New Law Review Article: Double Reasonableness and the Fourth Amendment

Sam Kamin & Justin Marceau, Double Reasonableness and the Fourth Amendment, 68 U. Miami L. Rev. 589 (2014). Introduction:

Legal doctrine is replete with reasonableness tests. In fact, it is unlikely that any area of law lacks a reasonableness test at the center of a core doctrine. The Fourth Amendment is certainly no exception; the textual prohibition of unreasonable searches and seizures has led the United States Supreme Court to conclude that the “ultimate touchstone of the Fourth Amendment is reasonableness.” What makes the Fourth Amendment unique, however, is the relatively recent insistence on not one but two tiers of reasonableness review in adjudicating Fourth Amendment claims. Both the substance of the right and the availability of a remedy are currently assessed under overlapping, but distinct, reasonableness tests. Unfortunately, this double reasonableness review does not double the reasonableness of the ultimate results obtained; instead, it has something of the opposite effect. Double reasonableness blurs the lines between right and remedy. Previous scholarship has identified the strong link—or equilibration—between constitutional rights and remedies, but in this Article we go one step further and develop the claim that the content of the right itself is becoming increasingly obscure. The substance of the Fourth Amendment is stuck in a fog of remedial decisions, and double reasonableness is the chief culprit.

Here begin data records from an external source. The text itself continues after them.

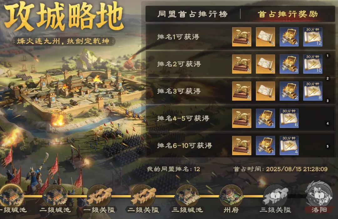 除此之外,同盟攻城在全服会进行排名,首占速度越快同盟奖励越丰厚。
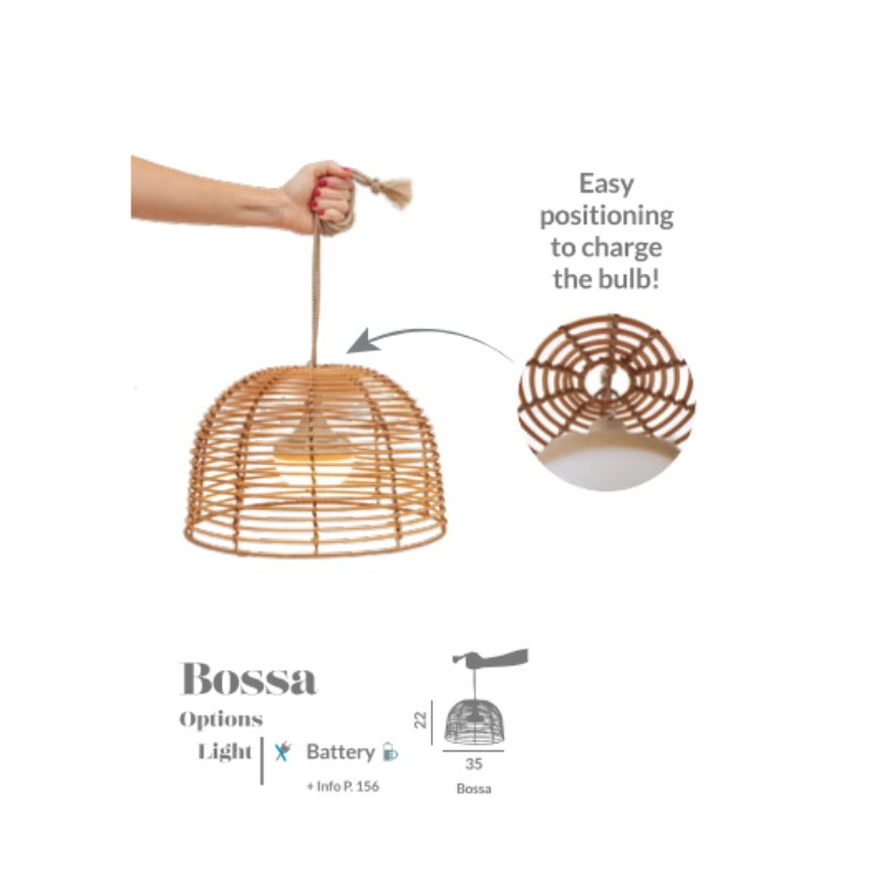 La suspension Bossa est livrée avec une ampoule led rechargeable par câble micro USB.Destinataire :
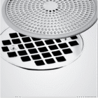 • Fits over shower stall drains without getting in the way
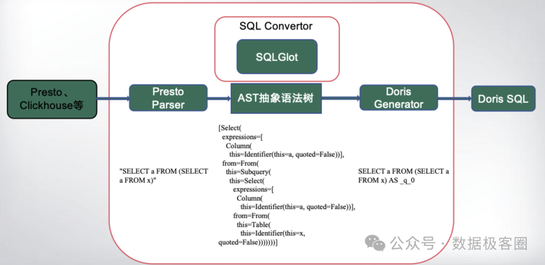 Doris 通过独特的解析器和优化器设计,实现对多种 SQL 方言的支持。当用户提交一条 SQL 查询时,解析器会首先对查询语句进行词法和语法分析,将其转化为抽象语法树(AST)。在这一过程中,解析器能够识别不同方言的语法结构,并进行相应处理。
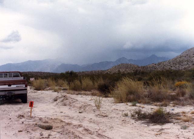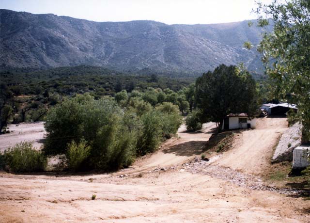 Here is a view looking to the east from the office. Arroyo San Rafael is in the center, the river, and flows down from the 10,000 foot peak of Pichacho del Diablo (Peak of the Devil) that is to the south east of Mike's. The buildings on the right (from right to left) are the garage, workshop/storage and diesel generator shack. The workshop would later become important as Mike had something that I would desperately need to get back to the United States.
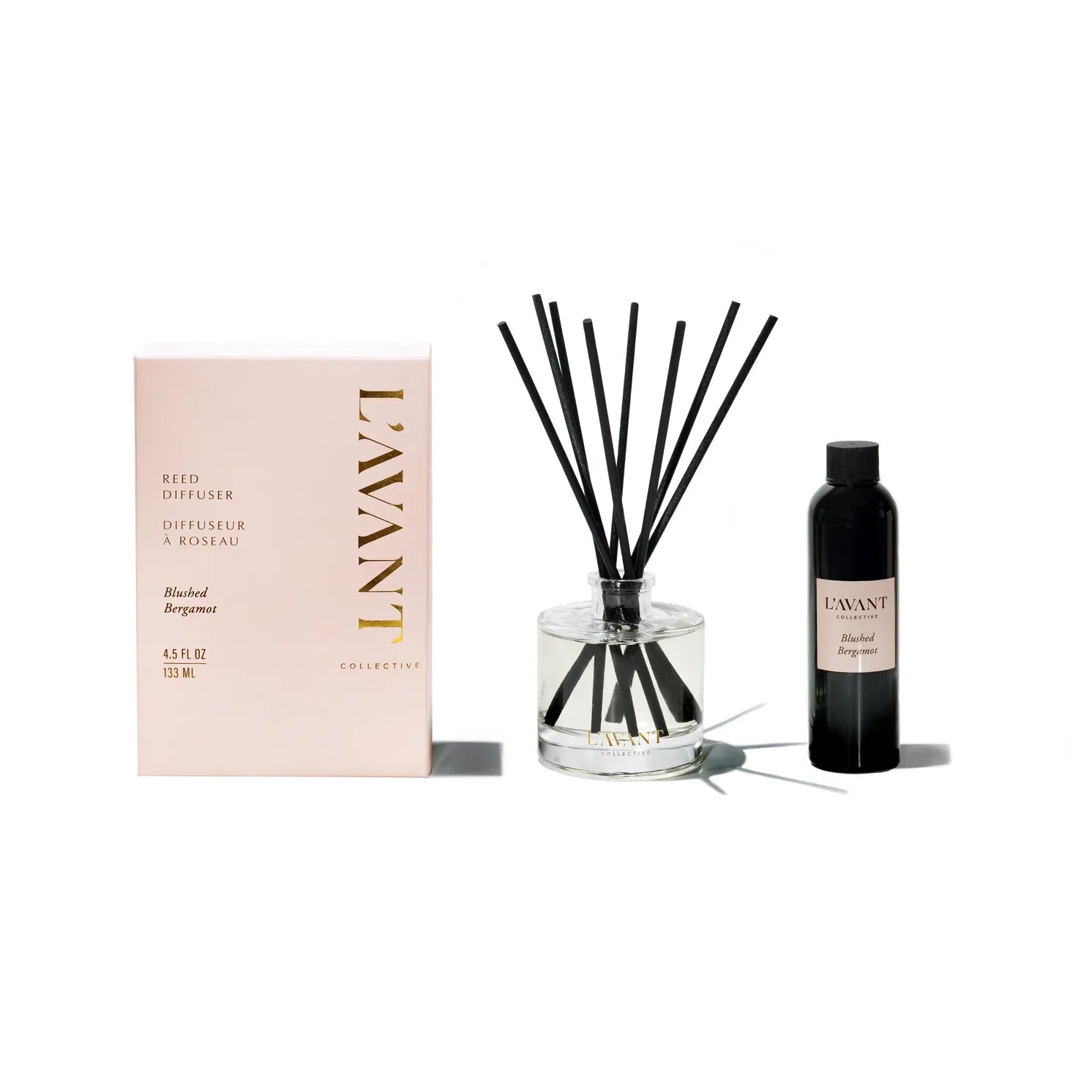 The Blushed Bergamot Reed Diffuser will fill the air with refreshing bergamot and orange blossom, enhanced by inviting hints of amber and cedar. Fresh Linen, will fill your space with delicate notes of ylang-ylang and bamboo mixed with soothing lavender and geranium essential oils. Ambre Santal is a warm, refined fragrance where bold sandalwood creates a haven of luxury, evolving into a comforting blend of cardamom, amber, and cedar.
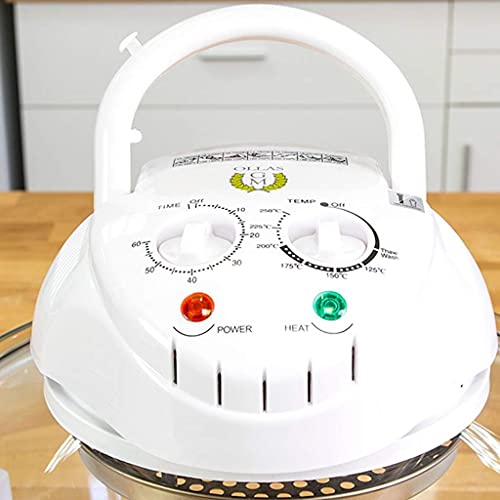 ✅ Il forno a convezione alogeno include: – Un coperchio in vetro con comandi di regolazione per la temperatura e il timer. Sistema ad aria calda. Bisogna solo un po’ di acqua o olio per cuocere. Vetro colato ad alta resistenza
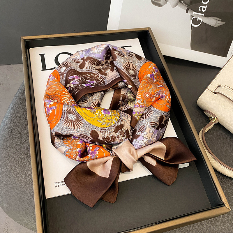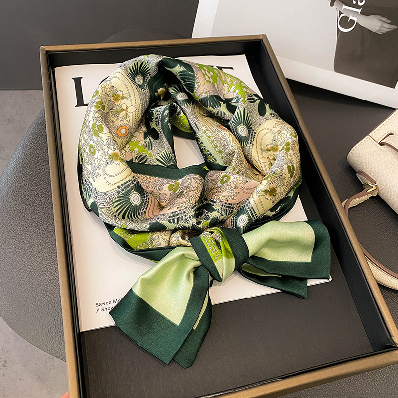 봄과 가을 경량 빈티지 에스닉 스타일 꽃 플랫 앵글 더블 레이어 실크 작은 스카프 실크 스카프 넥타이 가방 여성용 헤어 밴드
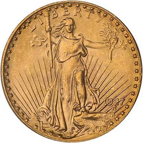 1927 $20 St. Gaudens. A golden bright specimen glowing with original mint bloom and minimal contact marks. (#9186)
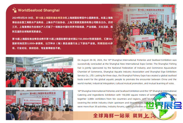 上海国际渔业展(World Seafood Shanghai)与上海国际餐饮食材展同期举行,整合水产与餐饮核心资源及行业动向,以市场供需为指引,紧跟产业发展,打造集水产海鲜、加工生产、渔业服务、水产养殖于一体的综合性全球水产商业平台,协助企业开辟国际贸易新机遇。
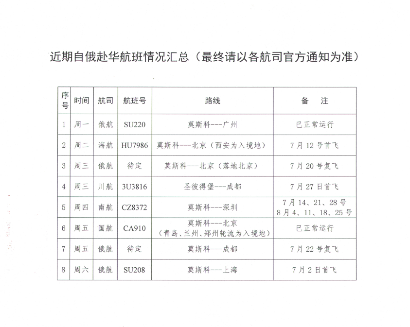 据中国驻俄罗斯大使馆网站7月4日消息,为便利人员往来,经中俄双方协商,自俄罗斯赴华商业航班将由当前每周2班增至每周8班。使馆通知全文及航班细则如下:
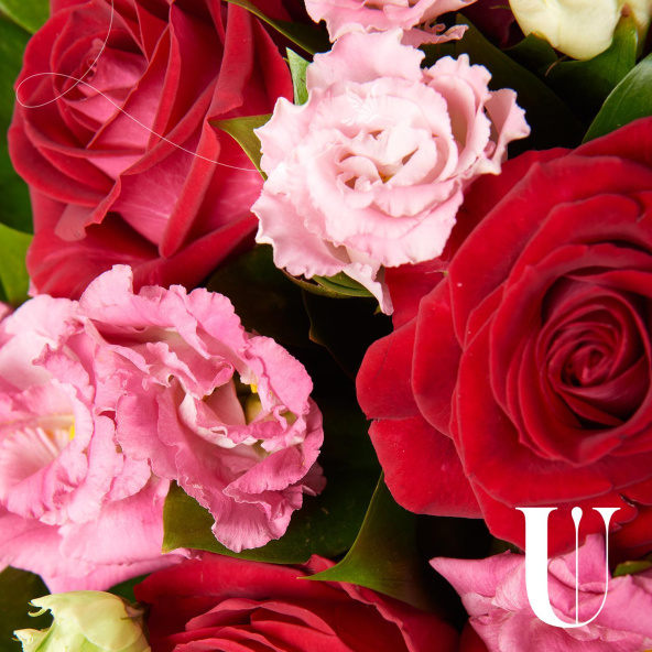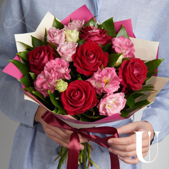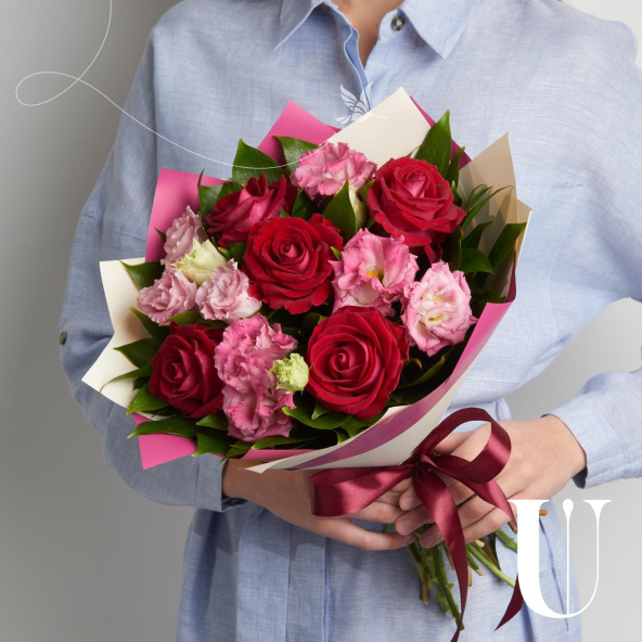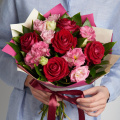 Букет из роз Вау 50 см и розовых лизиантусов в упаковке

Neither of the Supreme Court’s two levels of reasonableness analysis is inevitable or mandated by either the text or history of the Fourth Amendment. In fact, for most of the last half century, substantive Fourth Amendment law was comprised of strong presumptions and predictable rules. Only recently has the substance of Fourth Amendment law shifted away from clear rules toward a reasonableness standard in all contexts. Likewise, for most of its history the exclusionary rule was viewed as an automatic remedy for all Fourth Amendment violations. It has been only in the last decade that this per se rule has given way to a neutered balancing test. Accordingly, evidence today will be suppressed in a criminal case only if there is unreasonableness under each inquiry—substantive and remedial. It is now possible to speak of that famous conundrum of reasonable unreasonable searches—those searches that are sufficiently unreasonable that they deprive the defendant of his Fourth Amendment right, but not so unreasonable that any remedy will be forthcoming.

This entry was posted in Reasonableness. Bookmark the permalink.

Comments are closed.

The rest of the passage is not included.